■ About this exercise:
Once the line holding "Czarny lakierowany - Skórzane" is found in the entries below, transcribe exactly every line up to and including the one holding "TRD, Toyota Racing", but leave out the pictures.

■ Supplied material:
▬▬▬▬▬▬
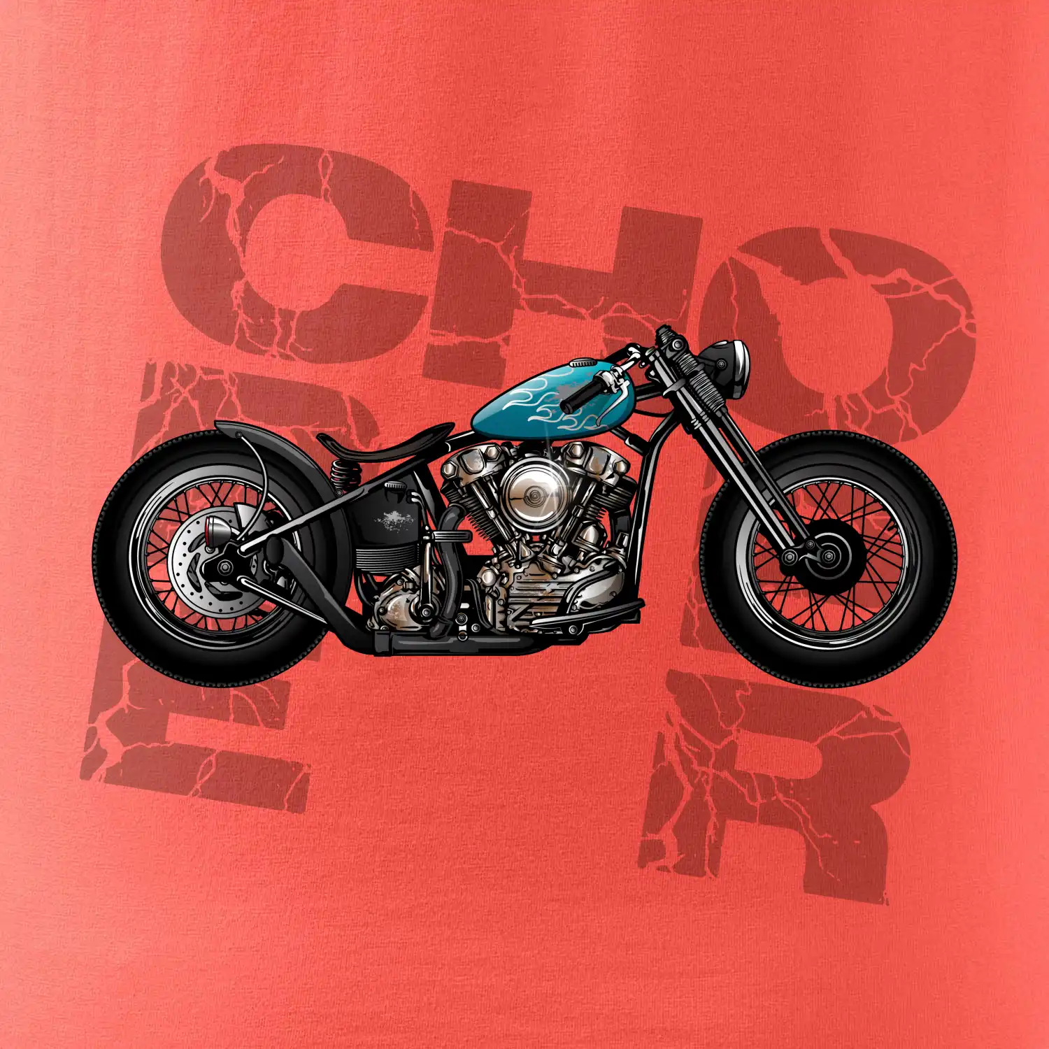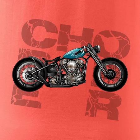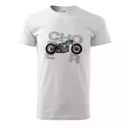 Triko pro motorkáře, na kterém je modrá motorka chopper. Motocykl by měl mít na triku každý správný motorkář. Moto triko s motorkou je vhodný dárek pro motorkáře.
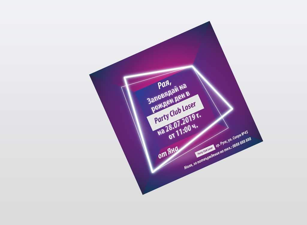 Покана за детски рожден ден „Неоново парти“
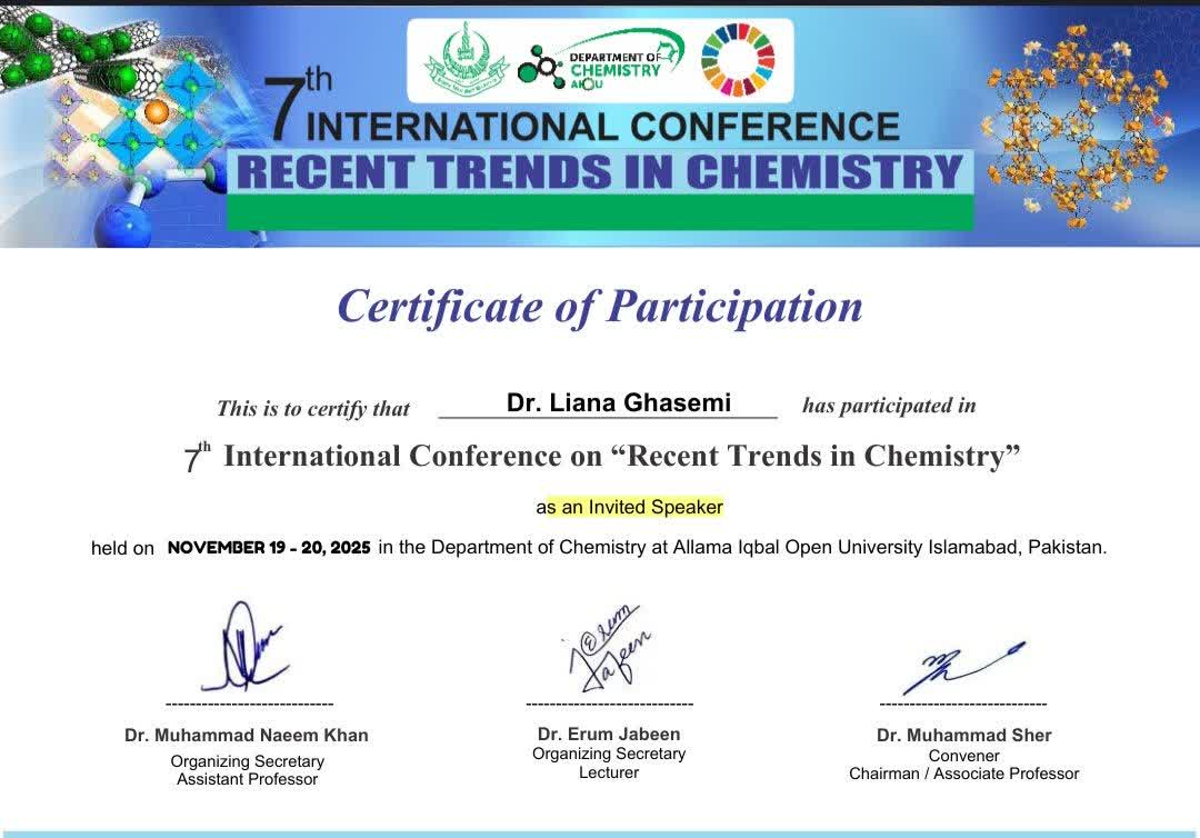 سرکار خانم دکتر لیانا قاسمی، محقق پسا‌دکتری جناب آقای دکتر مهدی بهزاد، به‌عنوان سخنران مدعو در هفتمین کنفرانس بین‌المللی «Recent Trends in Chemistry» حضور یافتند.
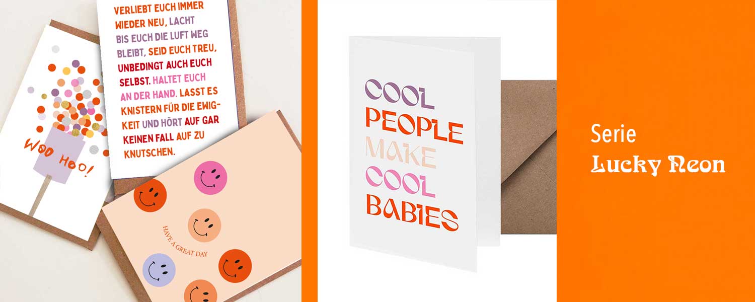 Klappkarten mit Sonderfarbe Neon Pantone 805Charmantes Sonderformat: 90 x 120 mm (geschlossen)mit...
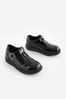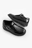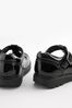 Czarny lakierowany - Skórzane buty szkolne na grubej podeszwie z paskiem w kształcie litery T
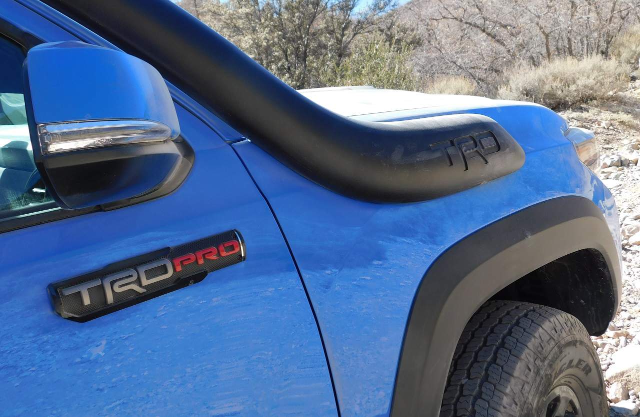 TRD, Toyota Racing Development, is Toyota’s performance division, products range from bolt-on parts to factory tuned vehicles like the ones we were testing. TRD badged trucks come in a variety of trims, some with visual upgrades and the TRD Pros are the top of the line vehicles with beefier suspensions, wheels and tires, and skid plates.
▬▬▬▬▬▬
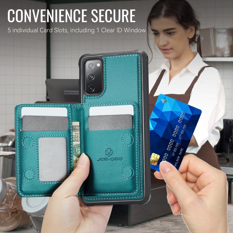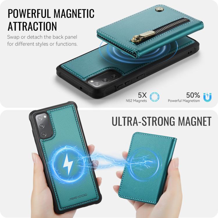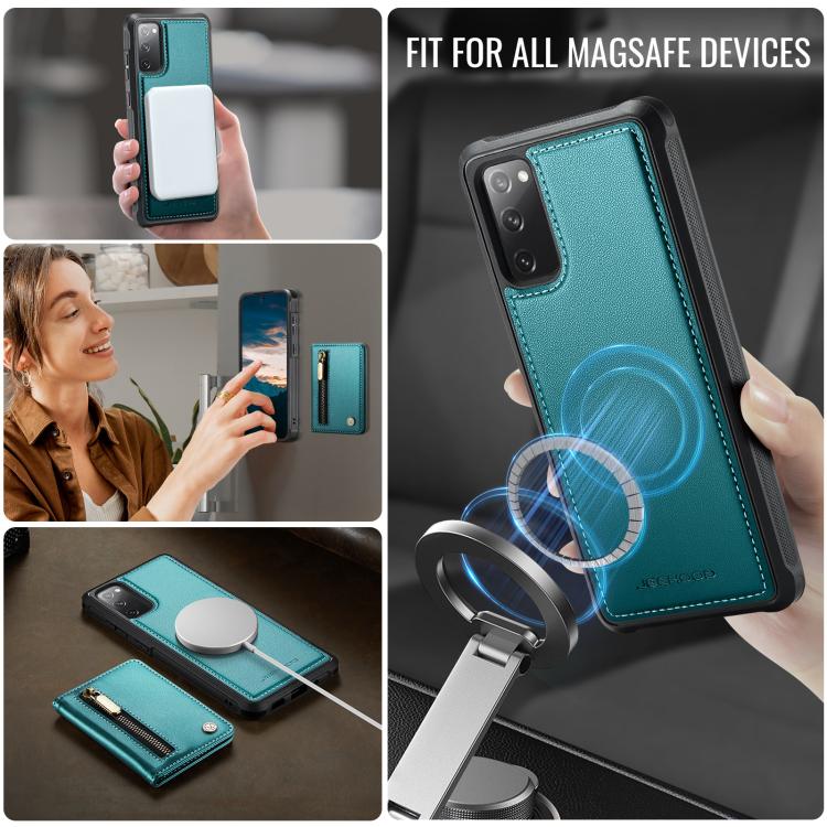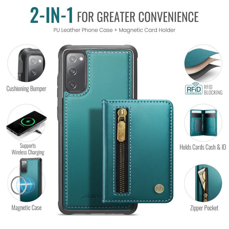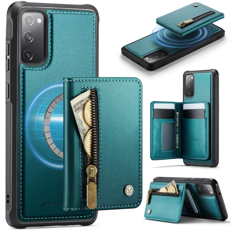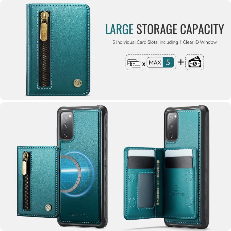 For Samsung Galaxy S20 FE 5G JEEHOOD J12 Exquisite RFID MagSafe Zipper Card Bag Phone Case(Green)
▬▬▬▬▬▬
■ Reply to the task:
 Czarny lakierowany - Skórzane buty szkolne na grubej podeszwie z paskiem w kształcie litery T
 TRD, Toyota Racing Development, is Toyota’s performance division, products range from bolt-on parts to factory tuned vehicles like the ones we were testing. TRD badged trucks come in a variety of trims, some with visual upgrades and the TRD Pros are the top of the line vehicles with beefier suspensions, wheels and tires, and skid plates.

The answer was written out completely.